Another COVID-19 problem the U.N. is trying to solve: How to help more than 300,000 merchant mariners who are trapped at sea because of coronavirus restrictions.
Describing the mounting desperation of seafarers who have been afloat for a year or more, Captain Hedi Marzougui pleaded their case Thursday at a meeting with shipping executives and government officials on the sidelines of this week's U.N. General Assembly.
As the pandemic washed over the world and made shipping crews unwelcome in many ports, he said, "We received very limited information, and it became increasingly difficult to get vital supplies and technical support. Nations changed regulations on a daily, if not hourly, basis."
Several months later, many borders remain closed and flights are rare, complicating efforts to bring in replacement crews for those stuck at sea and forcing their employers to keep extending their contracts.

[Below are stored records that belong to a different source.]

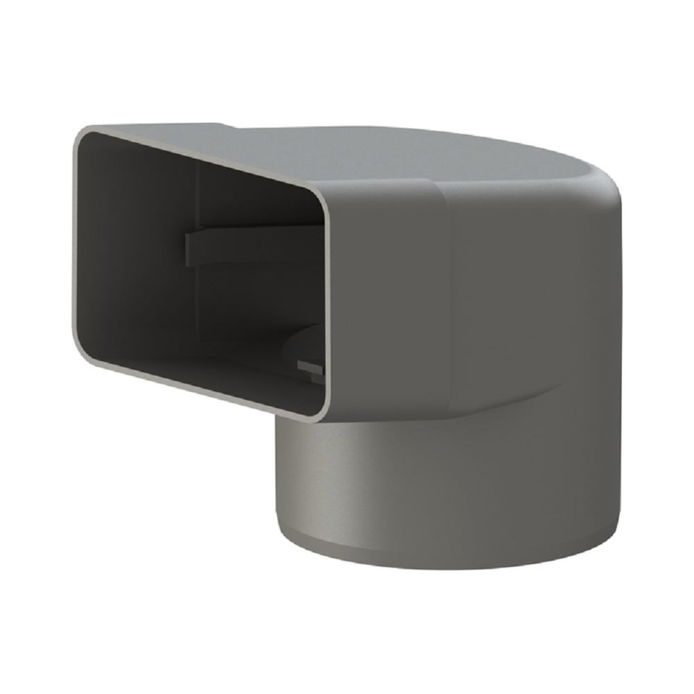 Угловой отвод Татполимер ТП-89.100 (прямоугольный; 65x100 мм; на диаметр 100 мм; серый) 29485 применяется для соединения с парапетной воронкой ТП-01.П.ПП и водосточной трубой круглого сечения диаметром 100 мм.
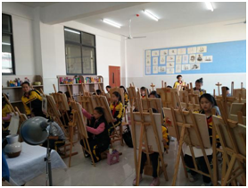小小的教室里面布满了画架、灯具、模型等很多美术用具,可我很喜欢这种挤在一起画画的氛围,大家可以互相学习、互相进步!
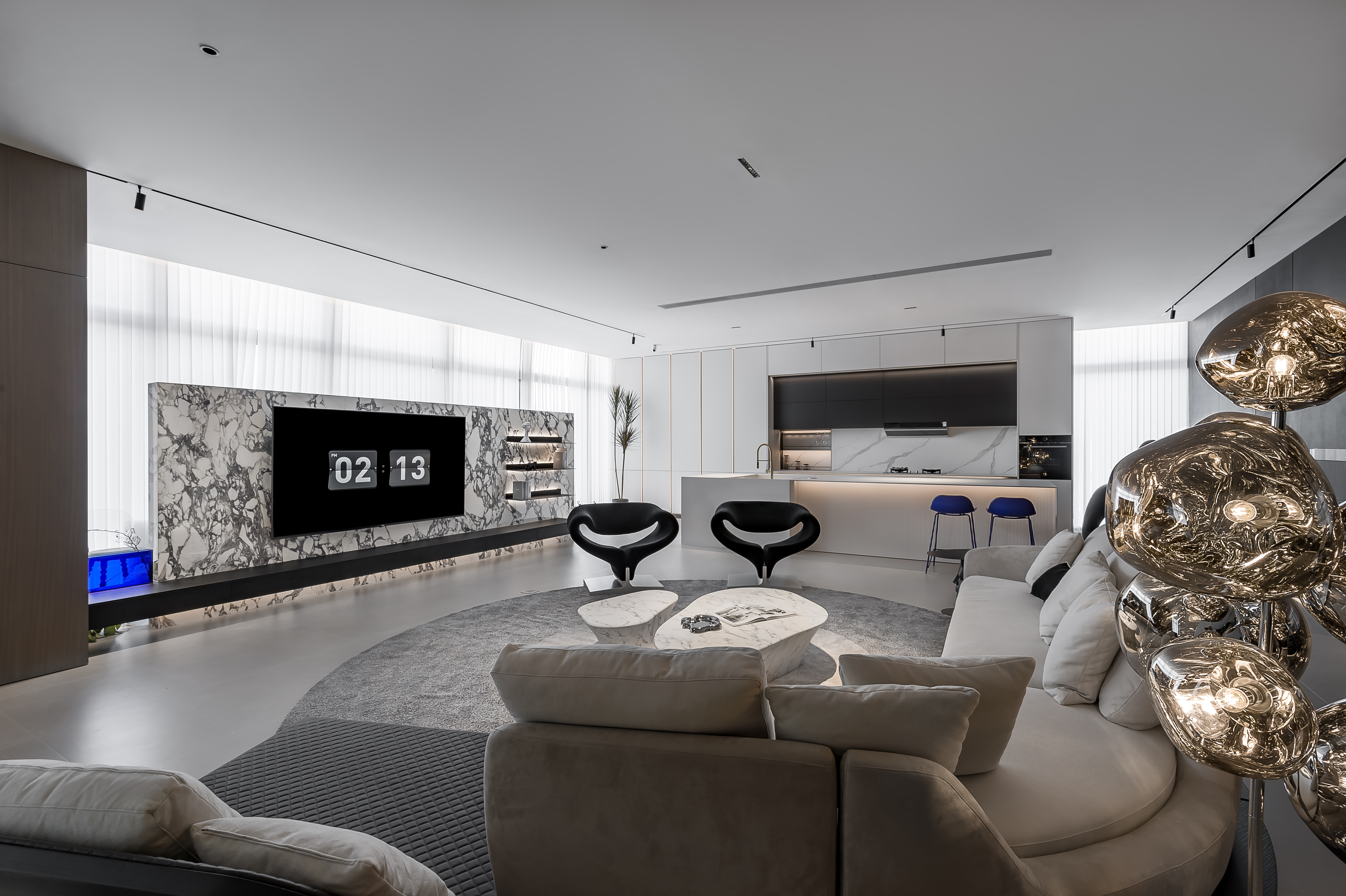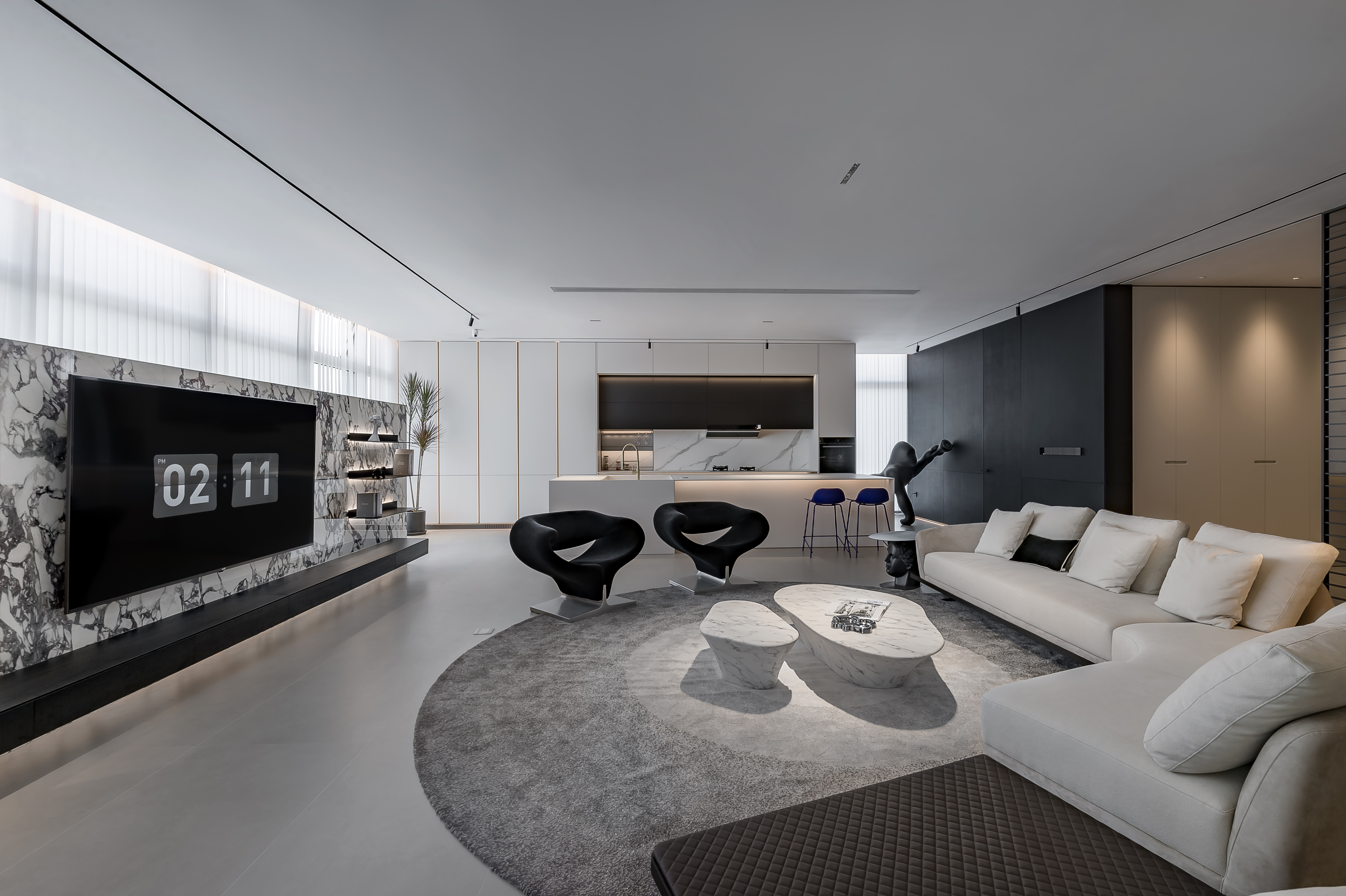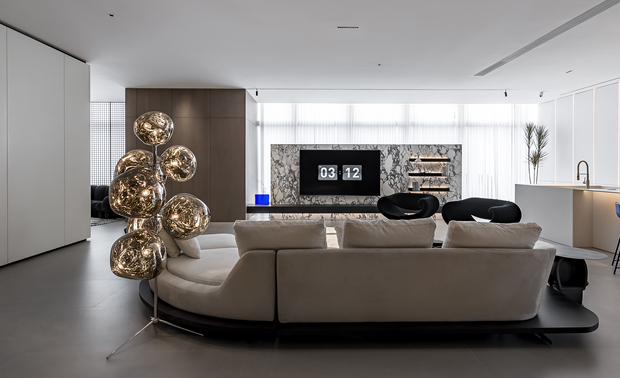 空间意境:该案得益于空中高层,拥有大平层绝佳的视野,在保留大面采光的同时,弱化部分来打造场景空间,使色彩饱和度和空间色彩形成对比,并利用材质的不同,来表达自然与艺术的融合。
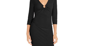 INC International Concepts Women's Ring Hardware Ruched Midi Dress Black Size Large
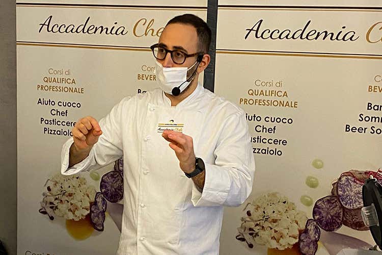 esperienza, Davide ha insegnato agli studenti di Accademia Chefs la tecnica e la metodologia della sua cucina, una combo tra
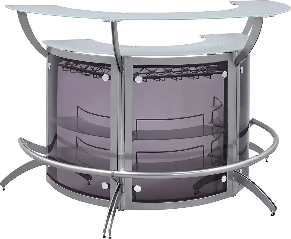 Coaster Home Furnishings Dallas 2-Shelf Curved Home Bar Silver and Frosted Glass (Set of 3)
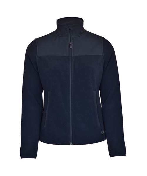 Fleece: 100% Recycled polyester. Contrast fabric: 100% Polyester (yoke, pockets and outside collar)
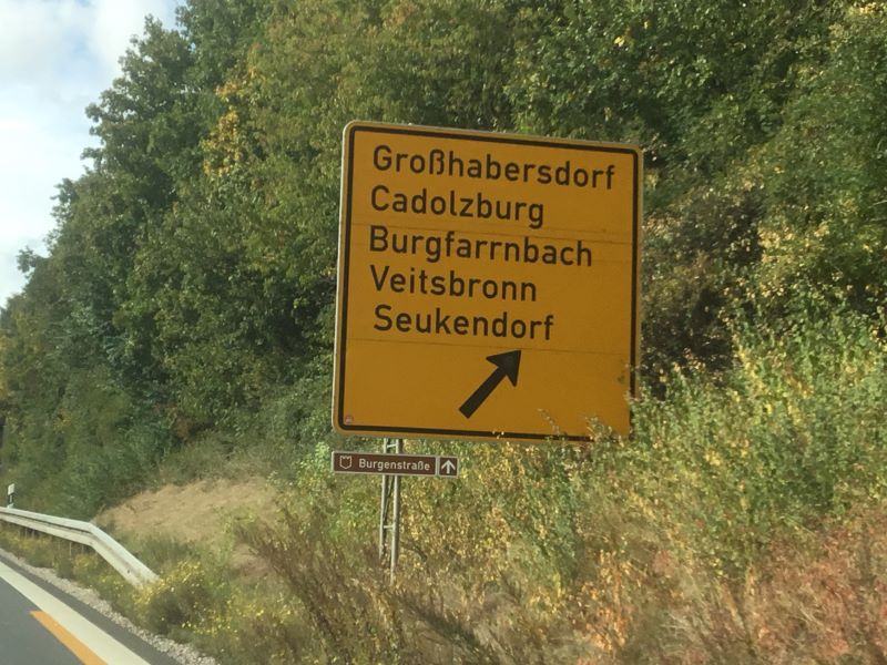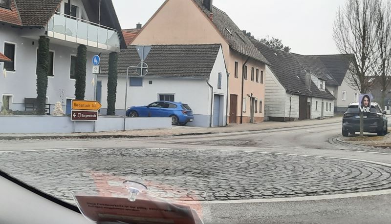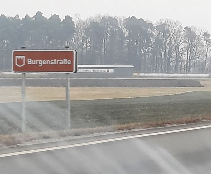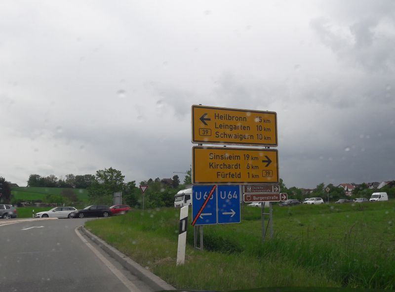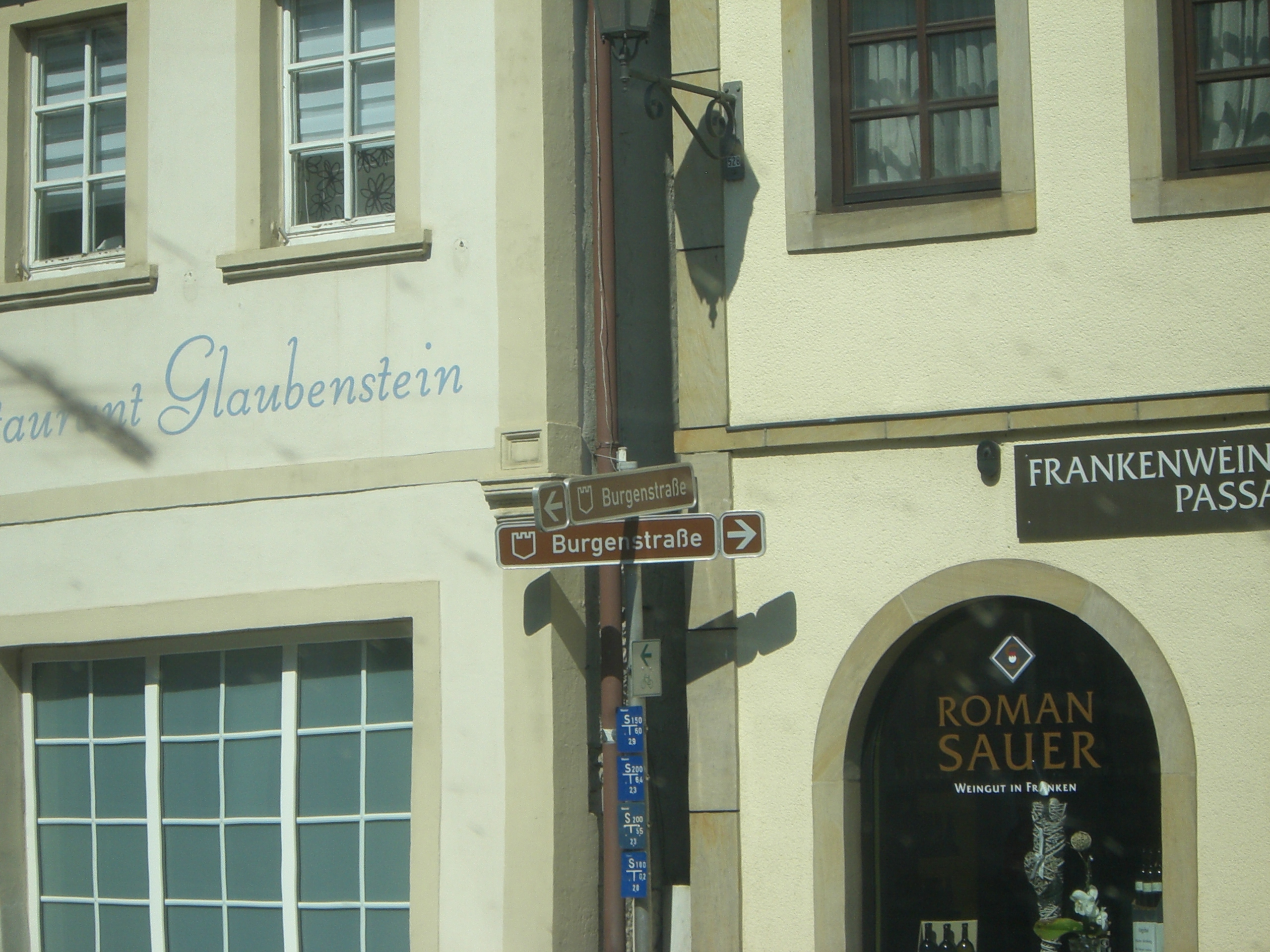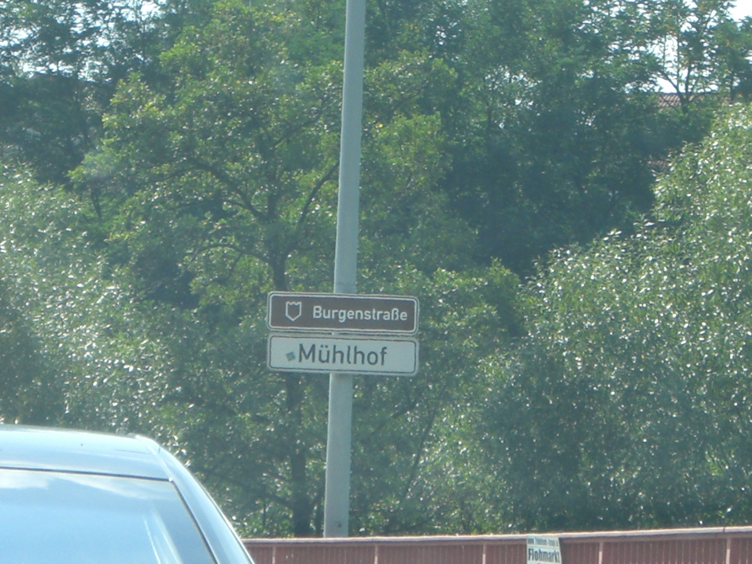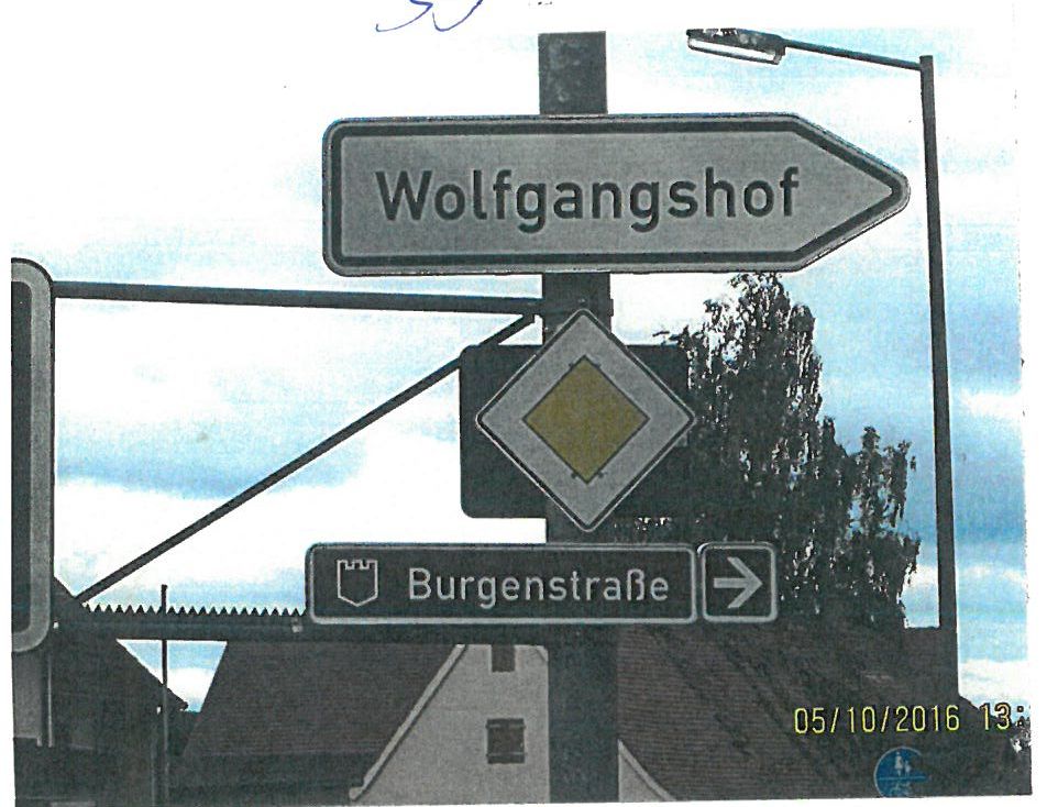 Standort: B 4, vor Ausfahrt Richtung Schweinfurt, unter der rechten Hälfte des Vorwegweisers Richtung Schweinfurt/B 303 (es muss deutlich werden, dass die Burgenstraße der Beschilderung Richtung Schweinfurt folgt)
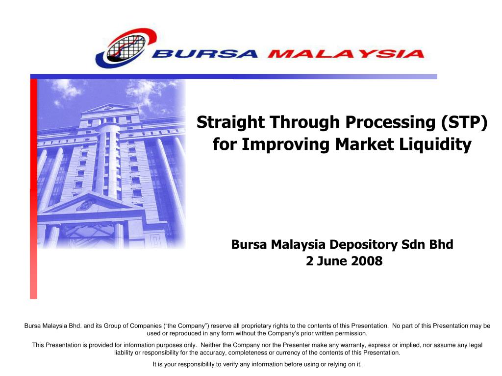 Straight Through Processing (STP) for Improving Market LiquidityBursa Malaysia Depository Sdn Bhd 2 June 2008 Bursa Malaysia Bhd. and its Group of Companies (“the Company”) reserve all proprietary rights to the contents of this Presentation. No part of this Presentation may be used or reproduced in any form without the Company’s prior written permission. This Presentation is provided for information purposes only. Neither the Company nor the Presenter make any warranty, express or implied, nor assume any legal liability or responsibility for the accuracy, completeness or currency of the contents of this Presentation. It is your responsibility to verify any information before using or relying on it.
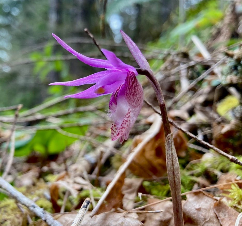 Beyond the downed log a steep bank rises on the right to a mossy hollow above the path. By mid-May, the time for Lady Slippers, the vernacular name for Calypso Orchid that I grew up with, is ending. Their thumb-size blossoms of bulbous pink and lavender were Mom’s favorite wildflower. Decades ago Mom chose this small depression shaded by big trees and fringed with decaying logs to transplant some bulbs. Mom was a rescuer. Cats, dogs, Guinea fowl, a gaggle of prepubescent Bantum roosters, and a mistreated goat from next door had been some of the beneficiaries of her mercy, and the orchids had likely been saved from certain death somewhere on a planned clearcut. She checked on them faithfully every spring for as long as she was able to make this walk. I can’t remember how many she placed there originally, but this spring they have been reduced to one. Today the single blossom has faded toward late spring, transformed from vibrant flamingo to pale pink.

U.N. Secretary-General Antonio Guterres joined shipping companies, trade unions and maritime organizations in urging governments to recognize merchant crews as essential workers and allow them to travel more freely. With more than 80% of global trade by volume transported by sea, the world's 2 million merchant seafarers play a vital role.
Merchant ship crews are used to long stretches away from home, but as virus infections and restrictions spread early this year, anxiety mounted along with the uncertainty, Marzougui said.
"Not knowing when or if we would be returning home put severe mental strain on my crew and myself," he said. "We felt like second-class citizens with no input or control over our lives."
The Tunisian-born captain spent an extra three months at sea and finally made it home to his family in Florida in late May. But more than 300,000 mariners are still stranded, waiting for replacement crews; about as many are waiting on shore, trying to get back to work.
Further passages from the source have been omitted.